Dr. Charles K. Irwin, 72nd New York, Culpeper, Virginia, September 1863.

The 72nd New York Infantry Regiment was one of five infantry regiments formed by former U.S. Congressman Daniel Sickles (Note: Born to a wealthy family in New York City, Sickles was involved in a number of scandals, most notably the 1859 homicide of his wife's lover, U.S. Attorney Philip Barton Key II, whom Sickles gunned down in broad daylight in Lafayette Square, across the street from the White House. He was acquitted after using temporary insanity as a legal defense for the first time in United States history.
Upon the outbreak of the American Civil War in 1861, Sickles became one of the war's most prominent political generals, recruiting the New York regiments that became known as the Excelsior Brigade in the Army of the Potomac. Despite his lack of military experience, he served as a brigade, division, and corps commander in some of the early Eastern campaigns.) and established as part of the Excelsior Brigade which fought with the Union Army during multiple key engagements of the American Civil War, including the Chancellorsville Campaign in Virginia, the Battle of Gettysburg in Pennsylvania, and the Overland Campaign. Leaders from the 72nd New York recruited men from New Jersey, as well as from cities and small towns across the State of New York.

==Service==
Raised by former U.S. Congressman Daniel Sickles, under authority of the U.S. War Department on May 18, 1861, the 72nd New York Infantry was organized at Camp Scott on Staten Island, New York with its members mustering in there from June through November 1861. Listed on its rosters were men from New York City, who were assigned to Companies A, H or K; members of the 68th Militia from Dunkirk, who were assigned to Companies D, E and H; and recruits from Newark, New Jersey, who were assigned to Company F. Companies B, C, G, and I were staffed, respectively, by men from the New York State communities of Jamestown, Vermont, Westfield, and Delhi while Company L was composed of men from Delhi, Plattsburg and Sinclairsville, as well as from Massachusetts and New Jersey (Note: In "Report of the Adjutant-General". Saratoga Springs, New York: New York State Military Museum and Veterans Research Center.) Commanded initially by Colonel Nelson Taylor, the regiment was awarded its state number on December 11.
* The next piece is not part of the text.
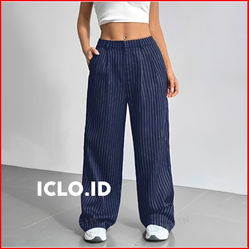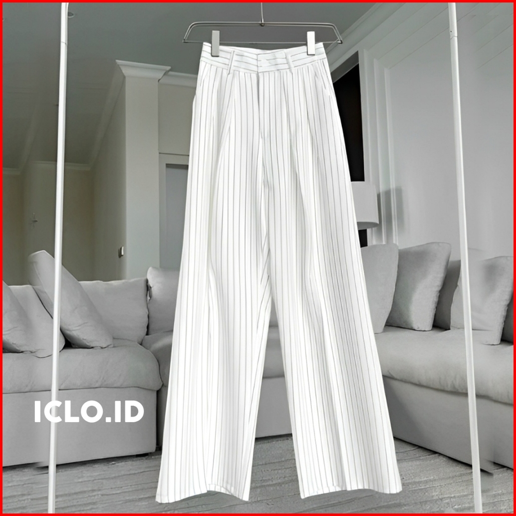 Stripe Pants - Loose Pants Stripe Celana Kulot Wanita Jumbo Anti Kusut Highwaist Premium - Celana Stripe Wanita Garis Sa
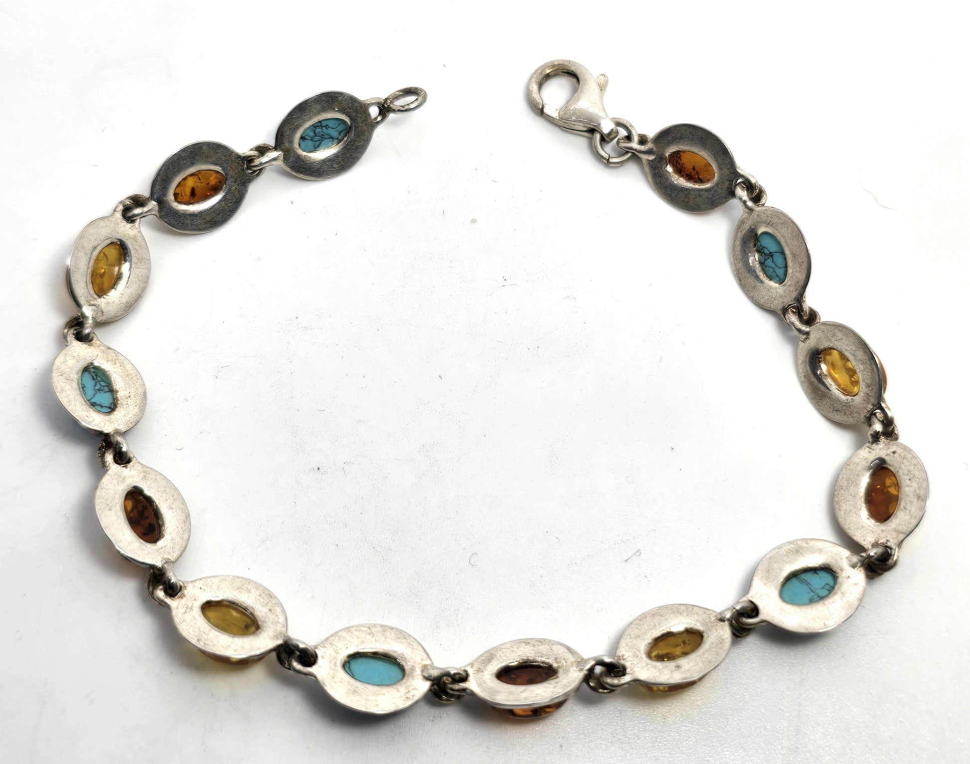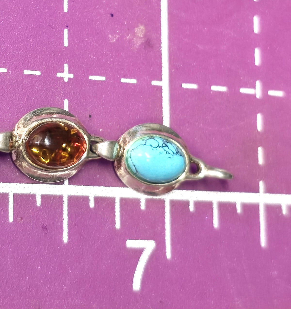 Orange and yellow Amber blue howlite sterling silver tennis bracelet. Good used condition with little to no signs of normal wear. Beautiful compressed amber cabs alternate with blue dyed howlite. Stamped 925 on the lobster clasp and loop.

Part of Sickles' Excelsior Brigade, the 72nd New York participated in many of the war's most significant battles. Transported to Washington, D.C., the members of this regiment were initially attached to Division of the Potomac (Sickles' Brigade), and assigned to defend the city before participating in the Union Army's expedition to lower Maryland (September 15–October 2, 1861). They were then reassigned as Sickles' Brigade to the U.S. Army of the Potomac in October as part of the division commanded by Brigadier-General Joseph Hooker. Their next significant deployment came as part of the U.S. Army's Third Corps, Second Division when they engaged in the Union Army's advance on Manassas, Virginia (March 10, 1862), the expedition from Dumfries to Fredericksburg, capture of stores (March 18), and reconnoissance from Liverpool Point to Stafford Court House and subsequent operations there (April 4). Reassigned to the Peninsula Campaign, they then participated in the Siege of Yorktown, Virginia (April 5–May 4, 1862), and incurred heavy casualties in the Battle of Williamsburg (May 5). By the time that battle was over, nearly 200 members of the regiment had been killed or wounded, a loss rate which the regiment would not experience again for the remainder of the war. Next engaged in the Battle of Seven Pines/Fair Oaks (May 31–June 1), the regiment then fought in the Seven Days Battles at Oak Grove (June 25), the Peach Orchard and Savage's Station (June 29), White Oak Swamp and Glendale (June 30), and Malvern Hill (July 1 and August 5). Transferred from the Peninsula during the fall of 1862, the regiment saw heavy action in the Union's Manassas Station Operations (August 25–27) and the Second Battle of Bull Run (August 28–30).

Engaged later that summer in the Union's Northern Virginia Campaign, under the command of Major-General John Pope, and in operations at Fairfax Station and along the Orange and Alexandria Railroad that fall, the 72nd New York received roughly 200 replacement soldiers in December 1862, bringing the regiment's strength to just over 400. It was then ordered into the Battle of Fredericksburg (December 12–15), where it remained in the field under arms and without tents for 50 hours before retreating with other Union Army troops.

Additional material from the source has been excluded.